Un diente dulce es el más ruinoso de las dietas. El enemigo de la pérdida de peso. Un estudio muy interesante que tuvo lugar hace unos años arrojó luz sobre cómo ayudarlo a reducir los dulces y a tratar con ese gusto por lo dulce. Comer menos es la respuesta clara. ¿Pero cómo? Descubrieron que, al cambiar su plato de caramelo (o cualquier plato) para que tenga una tapa, no sea transparente, y no sea de fácil acceso, comerá menos de lo que hay en el cuenco.
Trucos mentales !
Los humanos son inherentemente un poco perezosos, lo que explica la tapa. Si el caramelo está fuera de su alcance, si es más esfuerzo obtenerlo, entonces es menos probable que lo intentemos. Y si no podemos ver el dulce, un plato no claro, es menos probable que deseemos algo. El estudio no fue solo por diversión; fue para ayudar a las personas que intentan perder peso a intentar luchar contra los golosos. Los investigadores son los que investigaron previamente el tamaño de la porción y otros asuntos relacionados con la dieta.
En el estudio, 40 mujeres que trabajaban en una universidad se ofrecieron como voluntarias y, todos los días durante un mes, recibieron tazones de chocolate con “besos” en su oficina. Los investigadores dijeron que volverían a llenar los tazones cada noche, usando diferentes tazones y cambiando la ubicación del tazón. Algunos cuencos tenían cubiertas; algunos eran claros y otros opacos. A veces los colocaban en los escritorios de las mujeres, ya veces a dos metros de ellos, lo suficientemente lejos como para que tuvieran que levantarse.
Al final de cada semana, le pedían a cada persona que adivinara cuántos chocolates tenía comido Todos subestimaron la cantidad.

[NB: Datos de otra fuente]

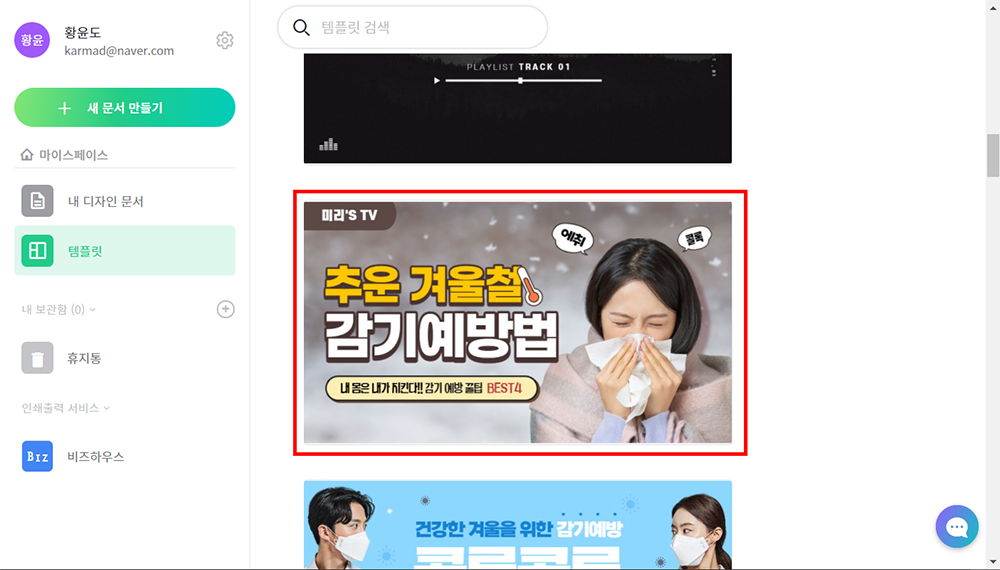 로그인하기를 거치면 아래와 같은 화면이 나옵니다. 기본 메뉴로 왼쪽에 '내 디자인 문서'메뉴가 활성화되어있고 오른쪽에 내가 저장했던 디자인 문서 리스트를 볼 수 있습니다.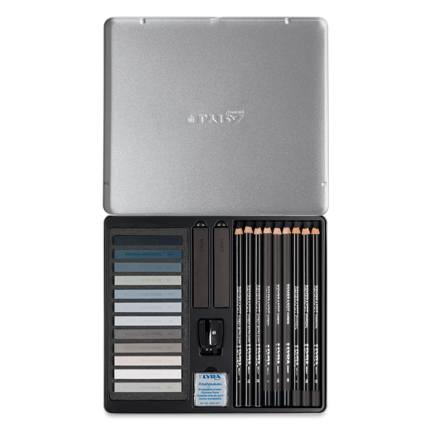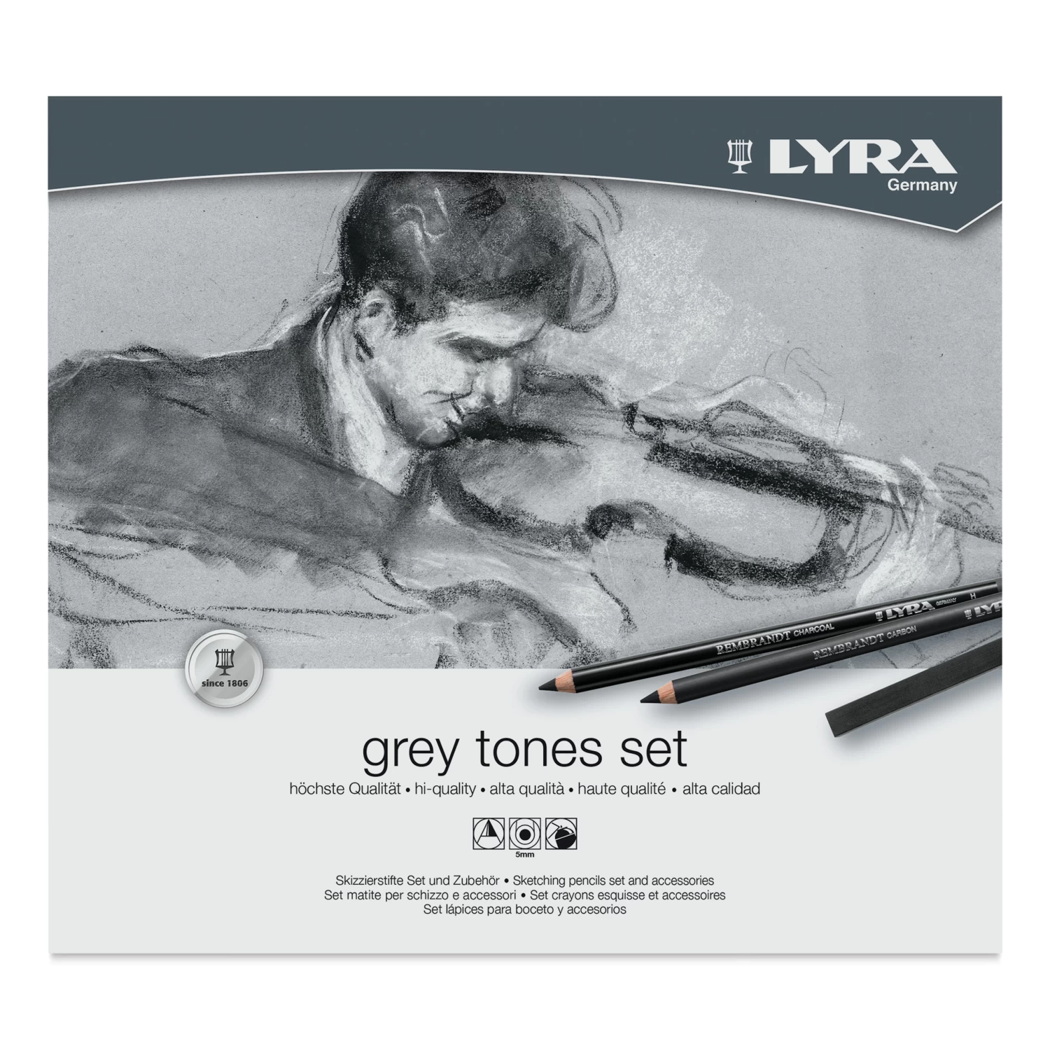 Create striking monochromatic work with the Lyra Grey Tones Sketching Set. Made in Germany, these sturdy pencils are made from 100% PEFC-certified cedar wood and contain extra-thick 5 mm lead. The 25-piece set contains a selection of charcoal, graphite, and carbon pencils, along with various grey-to…

Comieron más cuando los cuencos fueron transparentes y se colocaron en sus escritorios. Los números se descompusieron como tales:
– Tazón transparente en el escritorio: ocho piezas al día
– Tazón opaco en el escritorio: seis al día
– Tazón transparente más lejos: cinco piezas al día
– Opaco tazón más lejos: tres piezas al día
Más que un simple estudio sobre los bocadillos en el trabajo, es importante que las personas sean precisas en el control y control de la cantidad de alimentos que consumen. Las mujeres subestimaron, por ejemplo, la cantidad de besos que tomaron del cuenco a siete pies de distancia. Eso es porque tienden a tomar varias piezas para que el viaje valga la pena. Luego se olvidaron de estos tipos extra.
Una idea interesante es que si la proximidad y la visibilidad hacen que la gente coma más chocolate, también podría funcionar para frutas y verduras. Un frutero claro, cualquiera?